For this exercise, copy exactly only the lines from the one containing "Кольорові бази насичених" to the final line of the material below, without the pictures.
─── SUPPLIED DATA ───
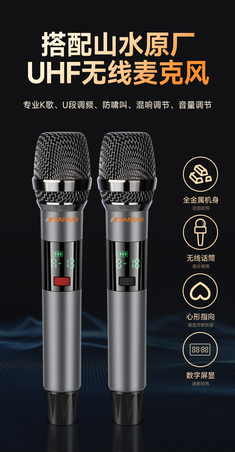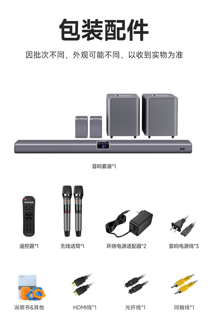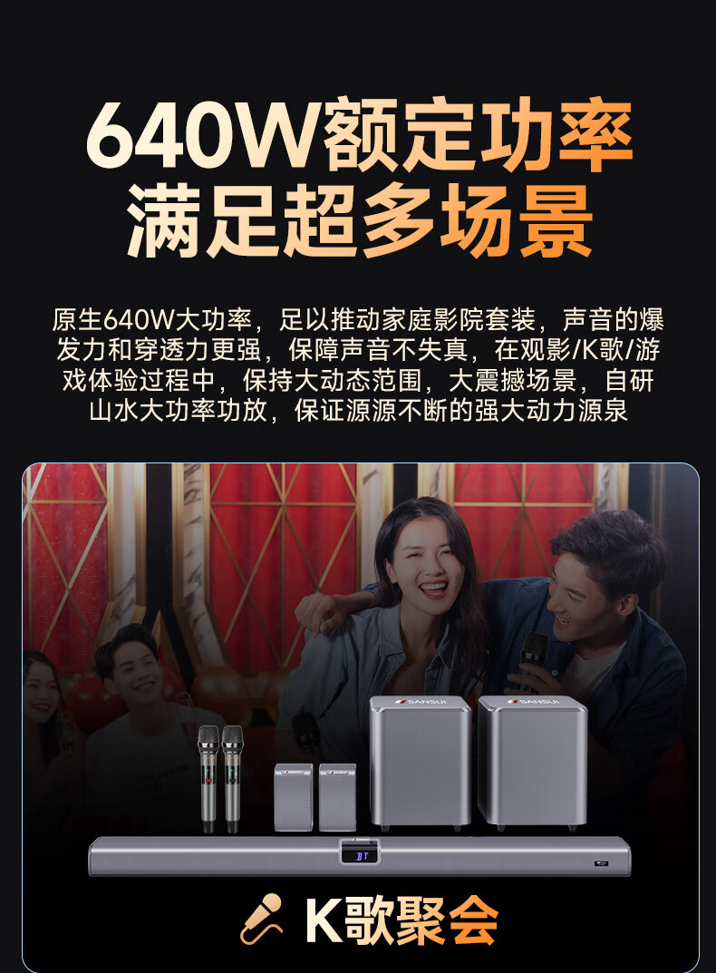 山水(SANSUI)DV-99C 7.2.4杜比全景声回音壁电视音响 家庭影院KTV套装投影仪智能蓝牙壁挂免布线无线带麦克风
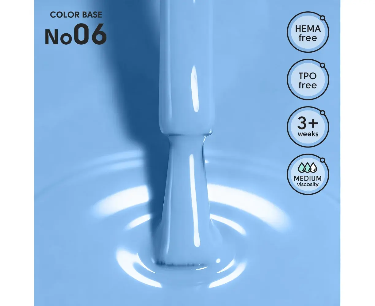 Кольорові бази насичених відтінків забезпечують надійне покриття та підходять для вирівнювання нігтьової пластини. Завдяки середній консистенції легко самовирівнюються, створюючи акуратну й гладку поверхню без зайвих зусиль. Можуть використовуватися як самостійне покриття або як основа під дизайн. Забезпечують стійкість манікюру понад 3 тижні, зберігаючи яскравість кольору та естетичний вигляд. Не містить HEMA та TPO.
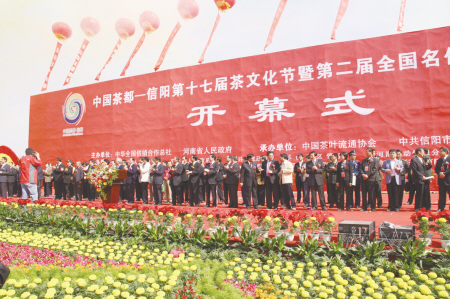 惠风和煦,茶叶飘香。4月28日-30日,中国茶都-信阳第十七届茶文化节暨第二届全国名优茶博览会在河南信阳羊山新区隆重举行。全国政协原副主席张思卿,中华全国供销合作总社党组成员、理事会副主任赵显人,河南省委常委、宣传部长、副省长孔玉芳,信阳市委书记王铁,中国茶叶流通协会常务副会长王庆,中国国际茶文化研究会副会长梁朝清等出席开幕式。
───
RESULT OF THIS EXERCISE
 Кольорові бази насичених відтінків забезпечують надійне покриття та підходять для вирівнювання нігтьової пластини. Завдяки середній консистенції легко самовирівнюються, створюючи акуратну й гладку поверхню без зайвих зусиль. Можуть використовуватися як самостійне покриття або як основа під дизайн. Забезпечують стійкість манікюру понад 3 тижні, зберігаючи яскравість кольору та естетичний вигляд. Не містить HEMA та TPO.
 惠风和煦,茶叶飘香。4月28日-30日,中国茶都-信阳第十七届茶文化节暨第二届全国名优茶博览会在河南信阳羊山新区隆重举行。全国政协原副主席张思卿,中华全国供销合作总社党组成员、理事会副主任赵显人,河南省委常委、宣传部长、副省长孔玉芳,信阳市委书记王铁,中国茶叶流通协会常务副会长王庆,中国国际茶文化研究会副会长梁朝清等出席开幕式。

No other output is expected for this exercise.